Ennis apologizes again. At the door to the locker room Dime asks him to autograph his ball. Ennis rears back. He’s chuckling but his eyes are wary.

“Why you want that? I’m just an old equipment hand, nobody cares about my autograph.”

“As far as I’m concerned you run the team,” Dime answers, so Ennis laughs and takes the Sharpie and signs his name to Dime’s ball, and this will be the only autograph that Dime collects today. Back in the locker room the players have almost finished suiting up. The air is a pungent casserole of plastics, b.o., farts, melon-woody colognes, and the rancid-licorice reek of petroleum liniments. Norm stands on a chair in the center of the room and calls Bravo to him, then instructs the team to circle around. Bravo has heard its quota of speeches today but here comes another, what can you do. The players dutifully approach, and as they assemble here in the middle of the room Billy tries to imagine the vast systems that support these athletes. They are among the best-cared-for creatures in the history of the planet, beneficiaries of the best nutrition, the latest technologies, the finest medical care, they live at the very pinnacle of American innovation and abundance, which inspires an extraordinary thought—send them to fight the war! Send them just as they are this moment, well rested, suited up, psyched for brutal combat, send the entire NFL! Attack with all our bears and raiders, our ferocious redskins, our jets, eagles, falcons, chiefs, patriots, cowboys—how could a bunch of skinny hajjis in man-skirts and sandals stand a chance against these all-Americans? Resistance is futile, oh Arab foes. Surrender now and save yourself a world of hurt, for our mighty football players cannot be stopped, they are so huge, so strong, so fearsomely ripped that mere bombs and bullets bounce off their bones of steel. Submit, lest our awesome NFL show you straight to the flaming gates of hell!

“Now, I just want to say,” Norm begins, but there’s some chatter at the back, and someone’s boom box is burbling Ludacris. “SHADDUP!!!!!” Coach Tuttle bellows, and for a moment they could all be back in eighth-grade gym.

“Well,” Norm resumes, “I hope everyone’s had a chance to visit with the very special guests we have with us today, the soldiers of Bravo squad. I’m sure by now everybody is familiar with their story—under fire, pinned down, large numbers of their colleagues killed or wounded, but these young men, the young soldiers of Bravo, they would, not, quit. There on the banks of the Al-Ansakar Canal they were faced with the biggest challenge of their lives, and thanks to God’s help they rose to the challenge, and they’ve made our entire country proud.

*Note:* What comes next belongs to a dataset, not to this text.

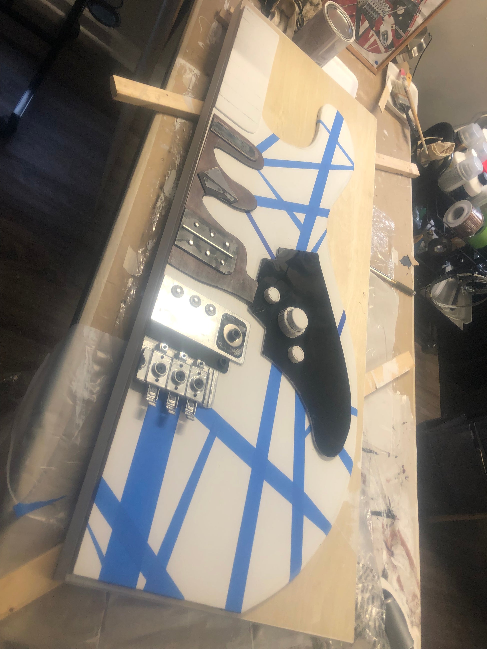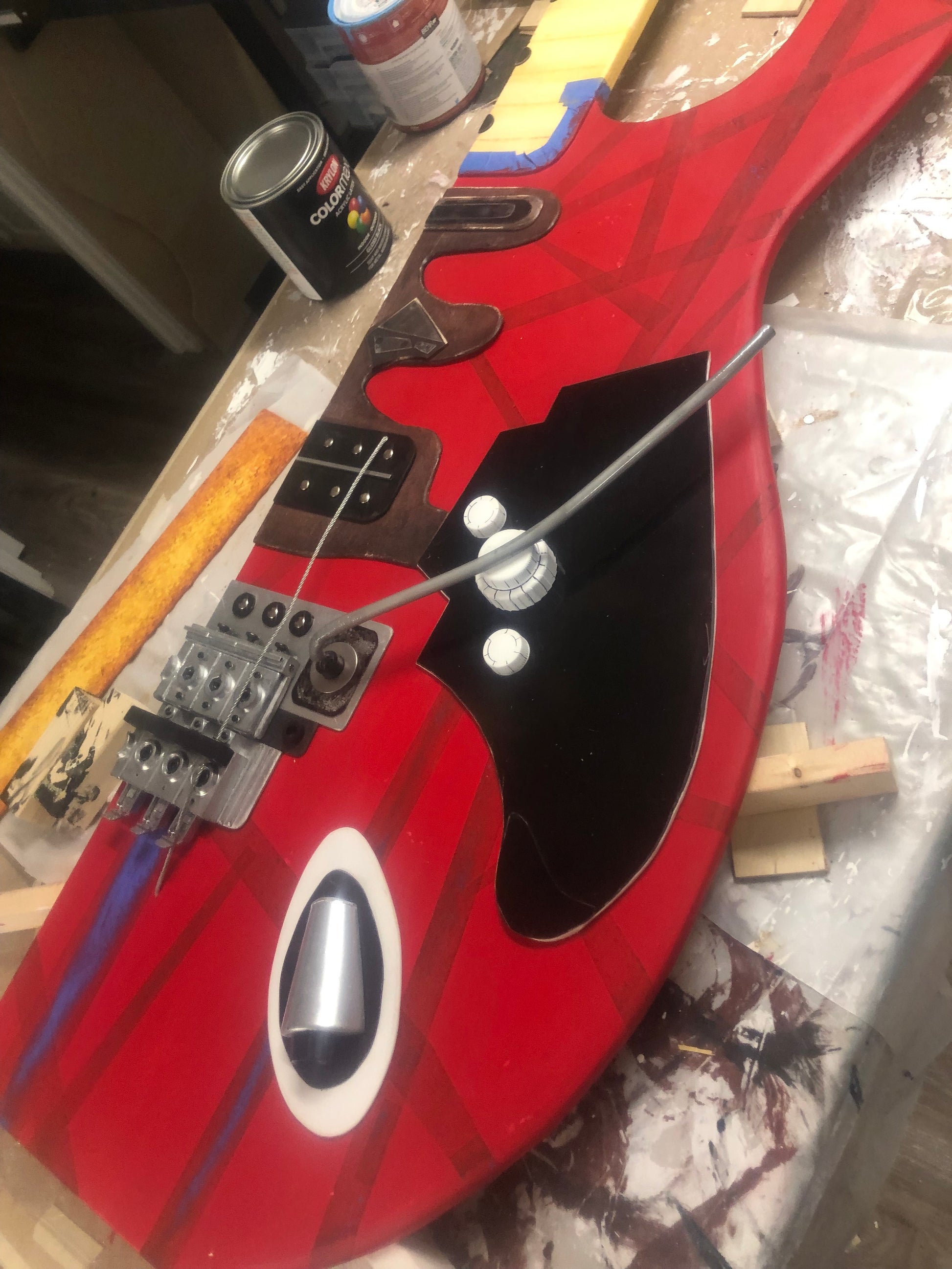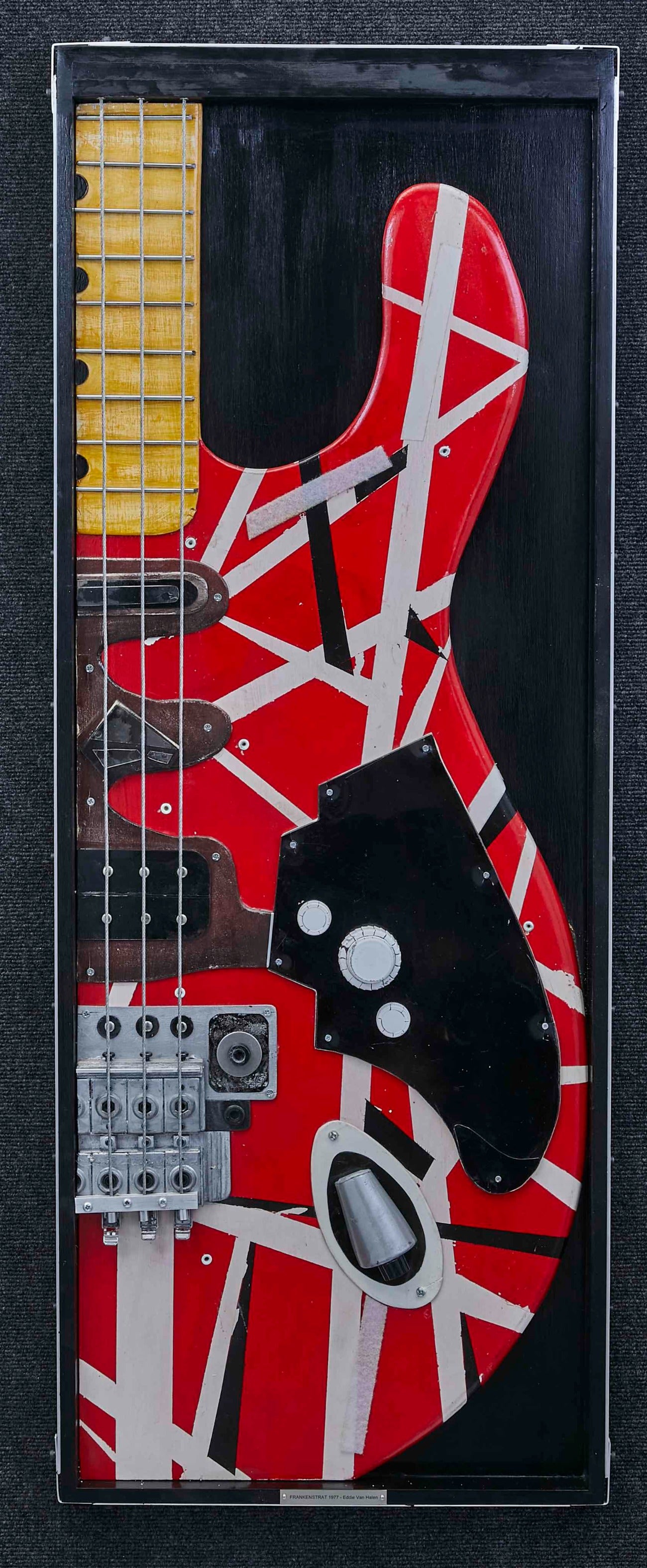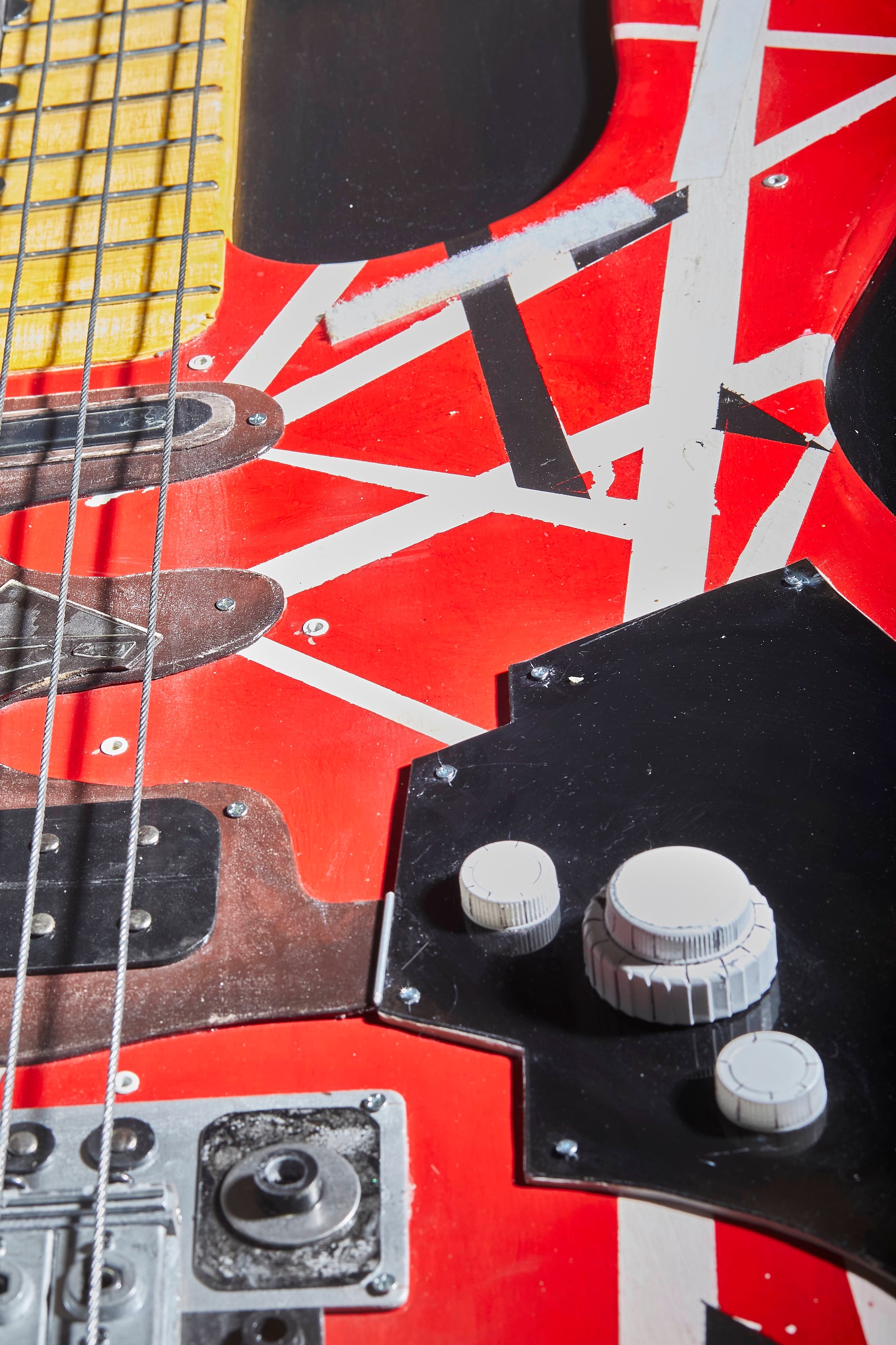 Large size replica inspired by Eddie Van Halen's famous "Frankenstrat" buildt by himself in 1977. This replica is 130% of the actual size. And no, you can't play the strings, it's not a real guitar..!
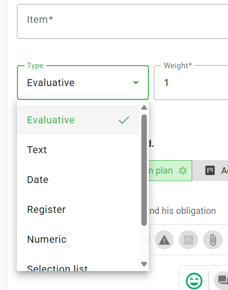 In the evaluation type, you can also choose the weight that this item will have in the final evaluation of the checklist:

I had the privilege of speaking with President Bush not long ago, and he . . .”

The players have tuned out. Billy can see it in their eyes, that flatness, the rheostatic dialing down of brains in sleep mode. Having stood in formation for countless hours, he knows the look when he sees it.

“ . . .  so maybe our challenges are different. Maybe the challenges we face aren’t as dramatic as theirs, but they’re the tests God has put in our path to mold us into the people He wants us to be. Now, I know we’ve hit a rough patch in our season. We’re struggling. Things haven’t gone exactly to plan, but it’s what we do when we’re down, after we’ve taken the hit, that determines who we are. So do we say forget it, just pack it in . . .”

A cloud of chemical wrath seems to rise off the players. A Norm lecture is just an everyday pain in the ass, but to be shown up by Bravo? Contrasted?
Compared?
This stirs the bloody reservoirs of sibling rivalry.
Why can’t you be more like him?
Not that Bravo wants anything to do with this, but it’s too late to opt out of Norm’s Sunday school lesson.

“ . . .  and so I challenge you,
all
of you, every individual on this team, from Vinny and Drew right down to Bobby”—a gurgling cry rises from somewhere behind the players, Bobby himself; Bravo met him earlier, the Cowboys’ famous, mildly retarded ball boy—“to rise to the challenge, to overcome. To be as brave and determined in facing the challenge as these young soldiers were facing theirs. It starts today, gentlemen. No time like the present. So let’s go out there and kick some Bear butt!”